The national environmental forecast center (NCEP) provides FNL (final Operational analysis) reanalysis data with the characteristics of time-frequency, high density, strong continuity, high resolution, rich content and the like for a great number of researchers, the FNL data sufficiently assimilates observation data (ground, ships, radiosondence, wind measuring balloons, airplanes, satellites and the like) which are as comprehensive as possible, and the FNL data are subjected to quality control and assimilation treatment and are widely used for diagnosis and analysis of numerical modes, weather and climate. In the process of realizing the invention, the applicant finds that if the FNL data can be dynamically downscaled to 1km multiplied by 1km or even higher spatial resolution, and the power downscaling result is interpolated to a project, the power downscaling result can be used as a virtual temporary meteorological observation station for calculating the power transmission design wind speed in mountainous areas.

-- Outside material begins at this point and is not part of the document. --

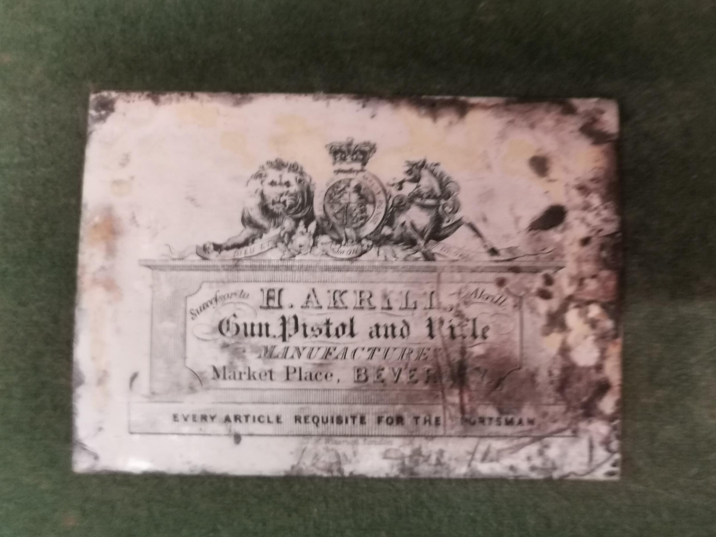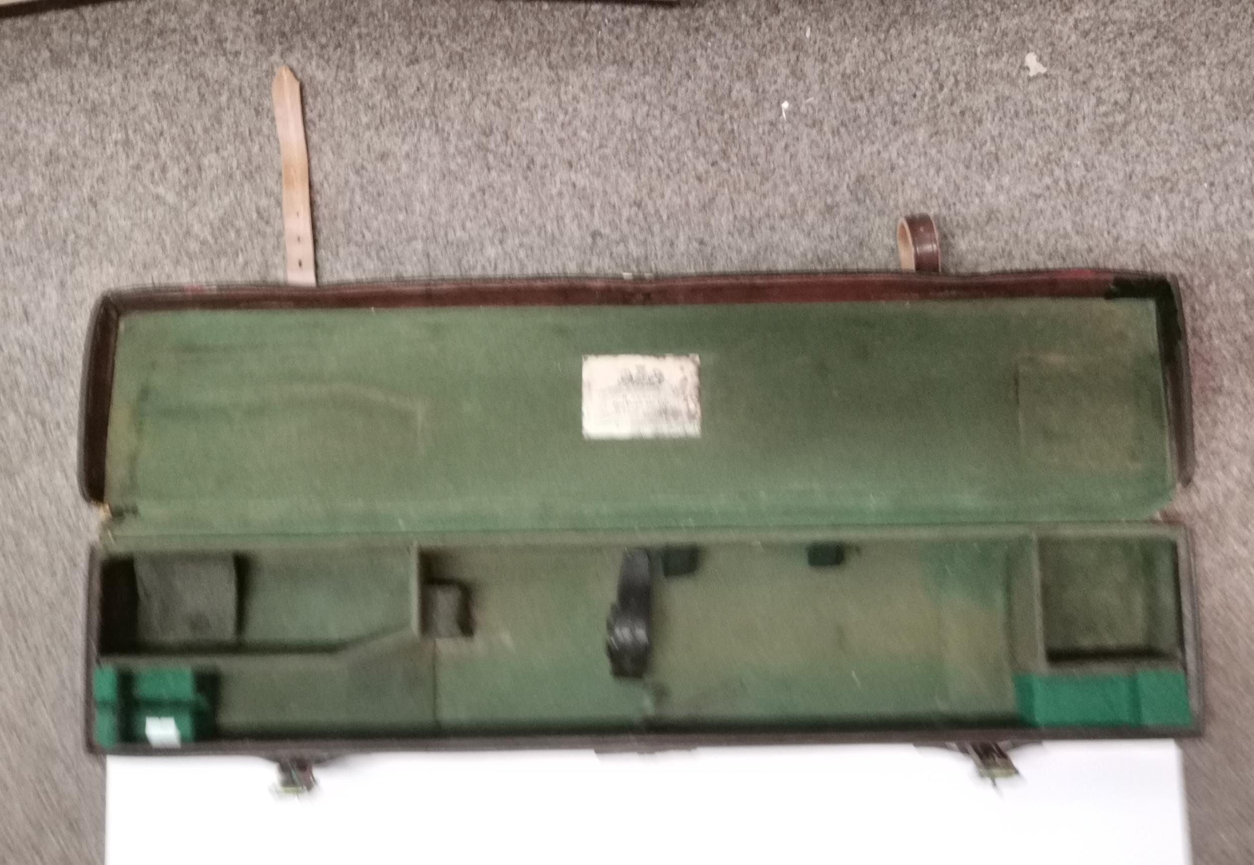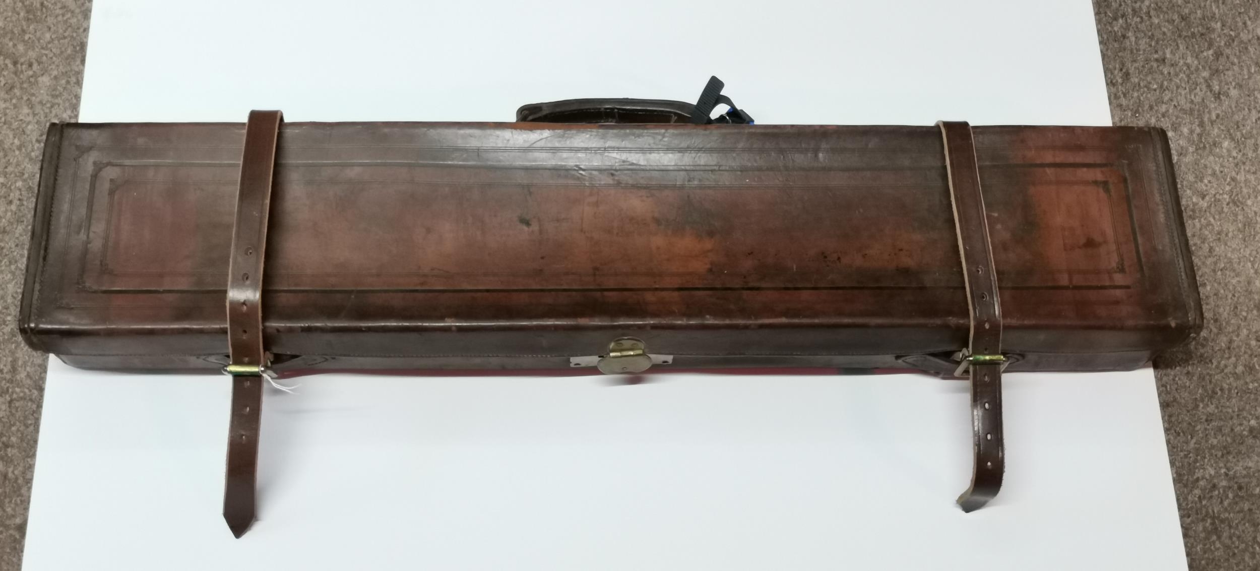 A leather gun case, second half 19th Century, label for H. Akrill, Beverley to green baize interior, with key and replacement leather straps. Approx. 83cm wide, 17cm deep

A mountainous area power transmission line design wind speed calculation method based on a power downscaling mode utilizes a localized power downscaling mode to fully assimilate FNL final analysis data with relatively high resolution of observation data such as ground, ships, radio sounding, wind measuring balloons, airplanes, satellites and the like, power downscaling is carried out to 1km multiplied by 1km or even higher spatial resolution, a distance inverse ratio interpolation method is adopted to interpolate a power downscaling result to a project, the power downscaling result is completely compiled to obtain day-by-day maximum wind speed data of at least one year and day-by-day maximum wind speed data in the same time period of an adjacent meteorological station for correlation analysis, and mountainous area power transmission line design wind speed is indirectly calculated.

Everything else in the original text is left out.